What to expect from South Africa’s interest rate hike this week

The Monetary Policy Committee (MPC) of the South African Reserve Bank (SARB) is expected to raise interest rates on Thursday September 22 this week in a bid to support the rand and control inflationary forces, but economists have divergent expectations on the amount.

A recent survey conducted by the international comparison site Searcher revealed that half of economists surveyed (50%) expect a 50 basis point (bp) hike at the September meeting.

A further 44% expect it to increase by up to 75 basis points, and only one respondent expects an increase of 25 basis points.

While everyone expects varying degrees of action from the SARB, the majority believe the increase should only be 50 basis points.

Economists interviewed in the survey included experts from the Bureau of Economic Research, Standard Bank, Old Mutual, Wits Business School, Investec and more.

Jee-A van der Linde, an economist at Oxford Economic Africa, said she expects a 50 basis point hike due to high inflation which peaked in July and rose to 7.8% year-on-year.

Van der Linde said the SARB may want to see further evidence that the peak is in fact behind us. Elna Moolman, head of macroeconomic research at Standard Bank, added that 50 basis points should be enough.

She noted, however, that with higher headline and underlying inflation, alongside wage increases, the SARB would be reluctant to slow its rate hikes.

Global financial services, BNP Paribas, differ in their expectations, saying the SARB is likely to keep its foot firmly on the pedal with broad price pressures favoring a 75bps.

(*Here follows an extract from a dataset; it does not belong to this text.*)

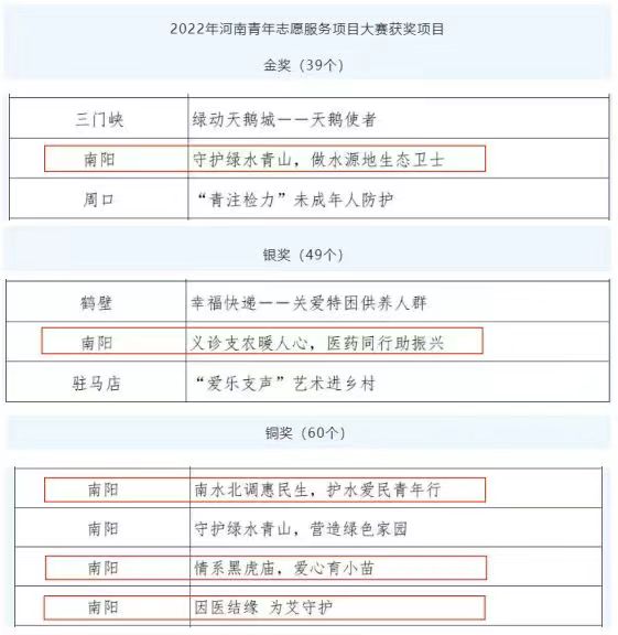 本网讯(特约记者/程斐)近日,从团省委获悉,我校在第六届中国青年志愿服务项目大赛河南区选拔赛暨2022年河南青年志愿服务项目中获得了一金一银三铜的好成绩。我校生物与化学工程学院《守护绿水青山,做水源地生态卫士》和张仲景国医国药学院《义诊支农暖人心,医药同行助振兴》项目分别荣获金奖和银奖。
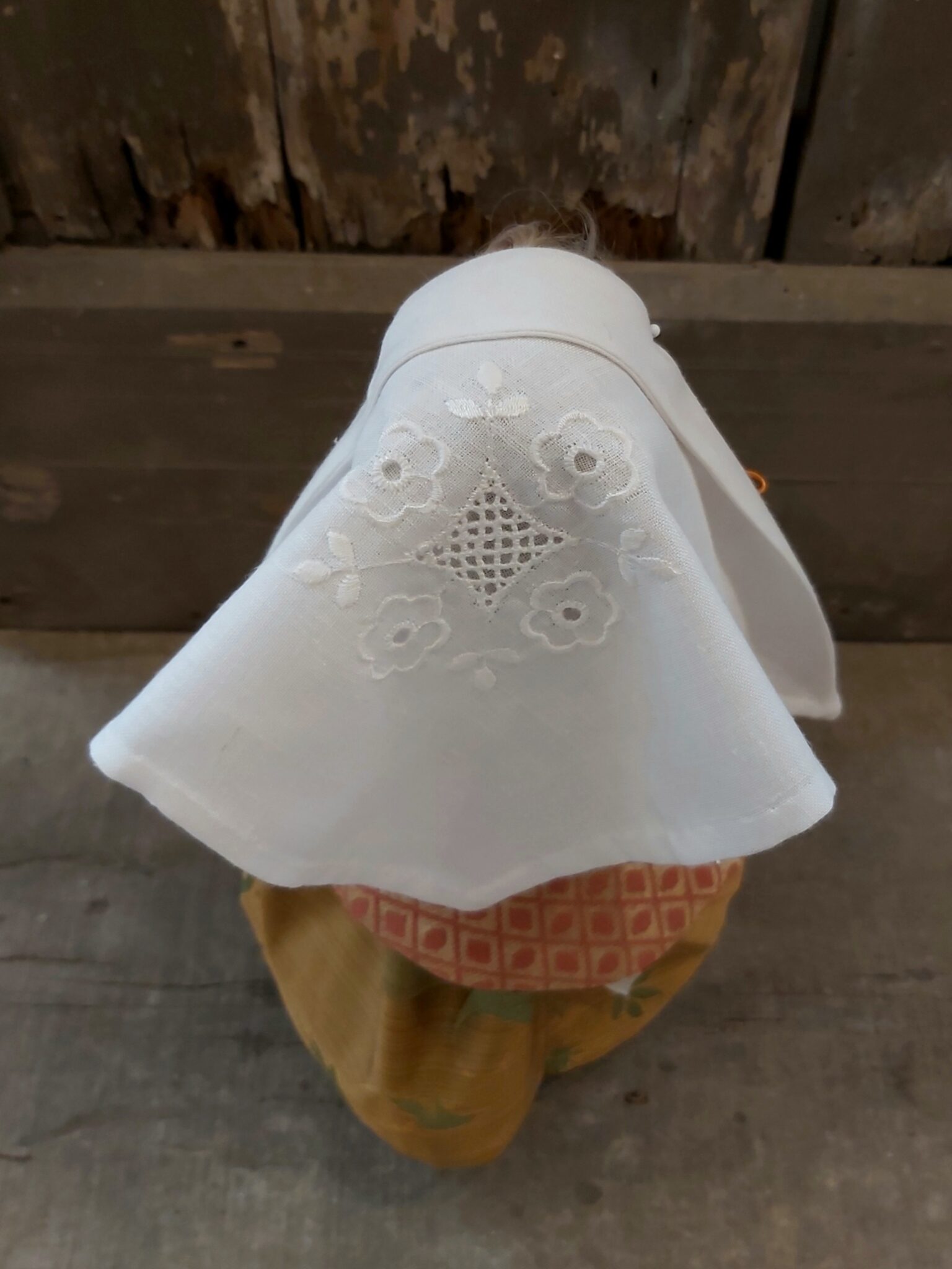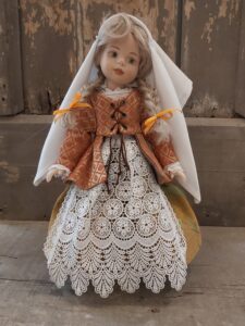La mini bambola indossa gli abiti della festa di una contadinella marchigiana di fine ‘700. Tutto ovviamente è stato riprodotto basandosi su stampe d’epoca grazie al libro del Professor Sergio Anselmi, un vero “vangelo” per quello che riguarda la storia e la tradizione locale.

A 75 basis point hike would bring the repo rate back to pre-Covid levels, he said. However, this may still be insufficient given South Africa’s inflationary outlook.

“The most important reason why we see no room for SARB complacency at this time is that we only expect a slow return to its inflation target in the second half of 2024,” he said. he declares.

“Judging by SARB Governor Lesetja Kganyago’s recent comments that it’s ‘too early to call peak inflation’, the bank is worried – and rightly so, in our view – about the Upside risks to the inflation outlook materialize, despite the slowdown in global oil and food prices.”

South Africa’s consumer inflation figures for August are due on Wednesday September 21, a day before the MPC makes its final decision, and economists expect the figure to be slightly lower than in before.

The Bureau of Economic Research (BER) expects the SARB to follow the trend set by other central banks – including a recent 75 basis point hike by the European Central Bank and an expected 75 basis point hike by basis by the US Fed later this week.

While he expects South Africa’s annual headline CPI inflation rate to moderate to 7.3% due to lower fuel prices which took effect earlier this month , he thinks the interest rate will be raised by 75 basis points, adding that it would not be surprising if a member votes for 100bps.

BNP Paribas argues that due to possible upside risk, its call for 75 basis points is biased towards a more hawkish statement: “Markets are pricing in more than 150 basis points of upside ahead of the year.”

The banking group expects further hikes in November 2022 and January 2023 of 50 basis points and 25 basis points, respectively.

Read: Cape Town and Joburg scramble to move away from Eskom network following warnings of ‘unprecedented blackouts’

Leave a Comment

Your email address will not be published.